Data extract:

= Beginning of Section =

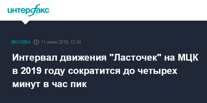 Москва. 11 июня. INTERFAX.RU - Интервал движения поездов "Ласточка" по Московскому центральному кольцу (МЦК) в час пик сократится до четырех минут, в остальное время - до восьми минут, сообщили РЖД.
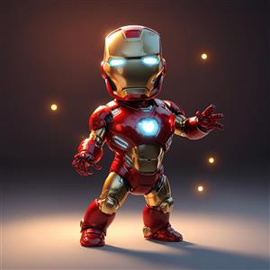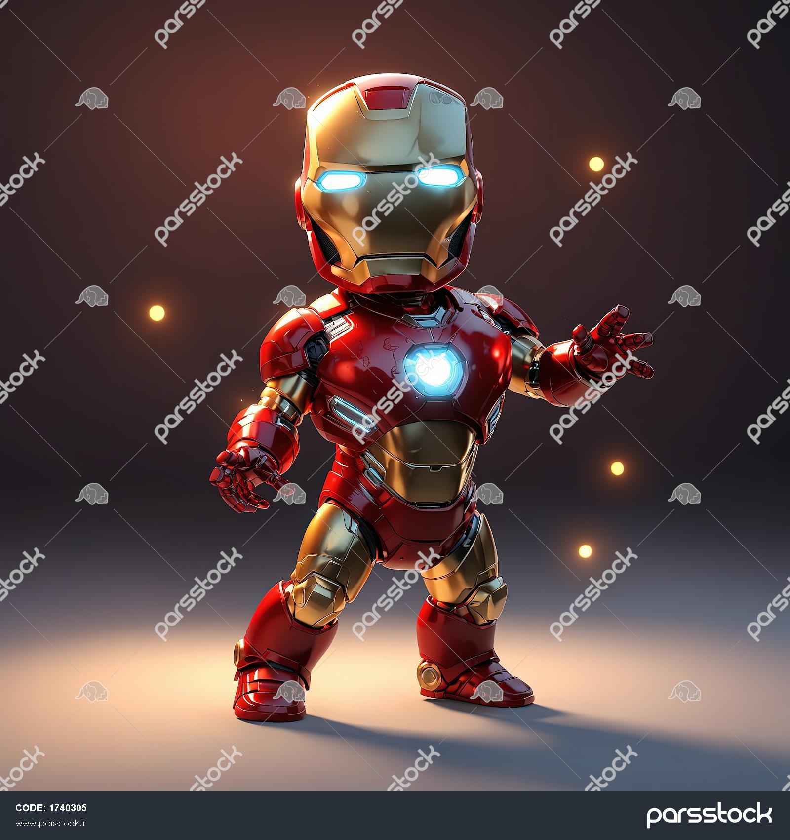 عکس آیرون من کودک با افکت نورهای نارنجی کوچک (ذرات انرژی)
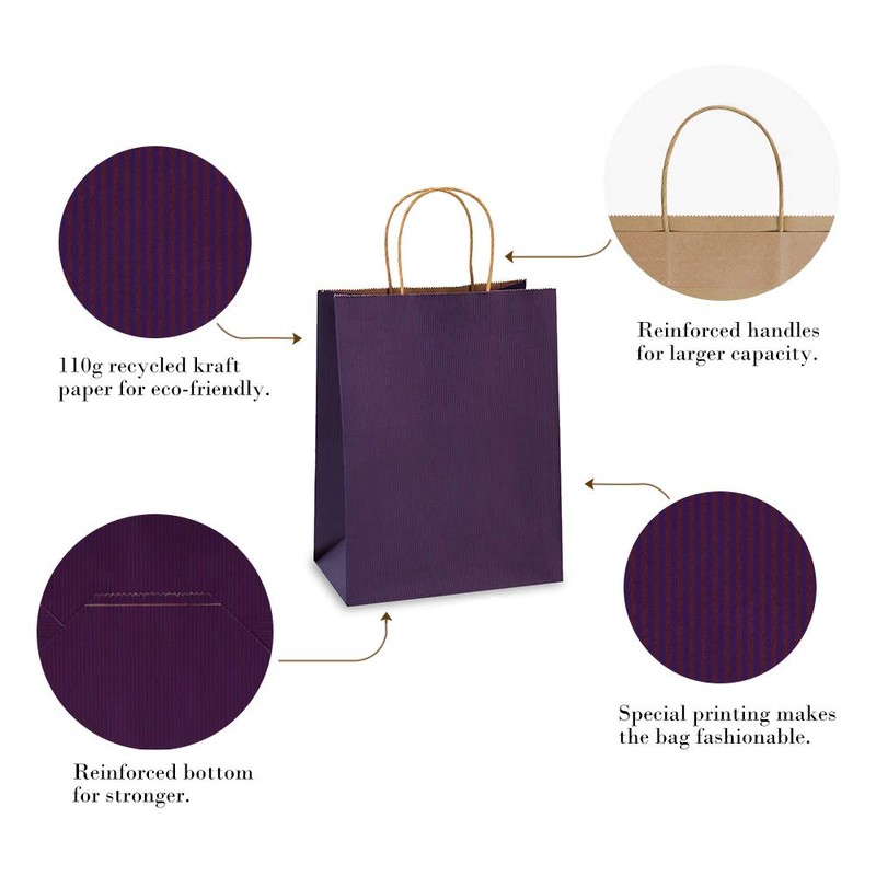 - Perfect Gift Bags Size: 8x4.25x10.5". 110g basis weight kraft paper with a serrated top edge. These purple gift bags are made of 100% Recycled Paper. FSC COMPLIANT. Green your life, BagDream paper bags would be your first choice.
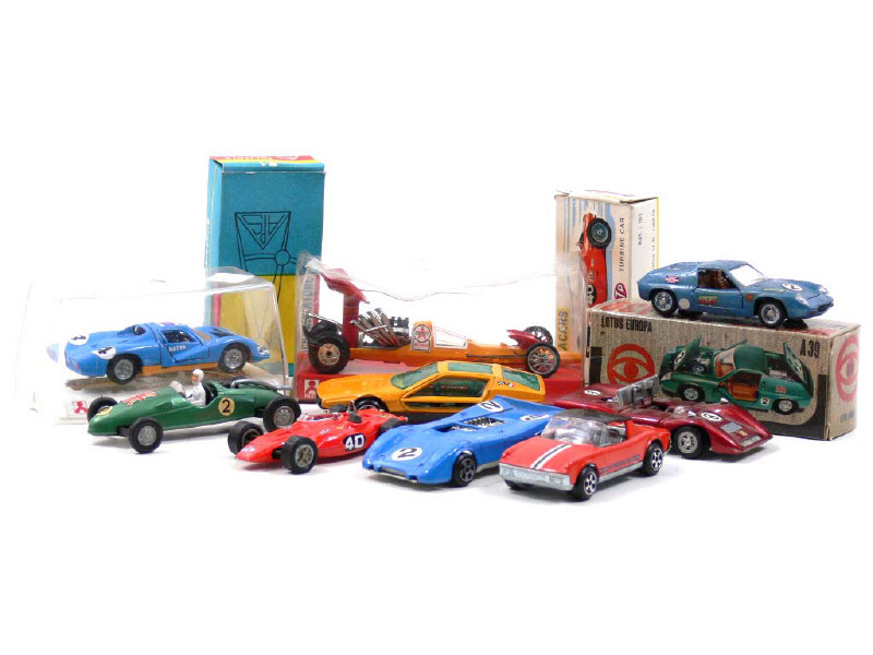 miniatures reproduisant notamment les modèles : COOPER, FERRARI, LOTUS, LAMBORGHINI, MATRA & PORSCHE - on y retrouve les marques : FARACARS, MEBETOYS & POLITOYS - 4 véhicules sans boîte

= End of Section =

Your task: When you reach the line holding "عکس آیرون من" in the listing above, begin retyping exactly, and stop once the line holding "- Perfect Gift" is done; pictures stay out.

Expected answer:
 عکس آیرون من کودک با افکت نورهای نارنجی کوچک (ذرات انرژی)
 - Perfect Gift Bags Size: 8x4.25x10.5". 110g basis weight kraft paper with a serrated top edge. These purple gift bags are made of 100% Recycled Paper. FSC COMPLIANT. Green your life, BagDream paper bags would be your first choice.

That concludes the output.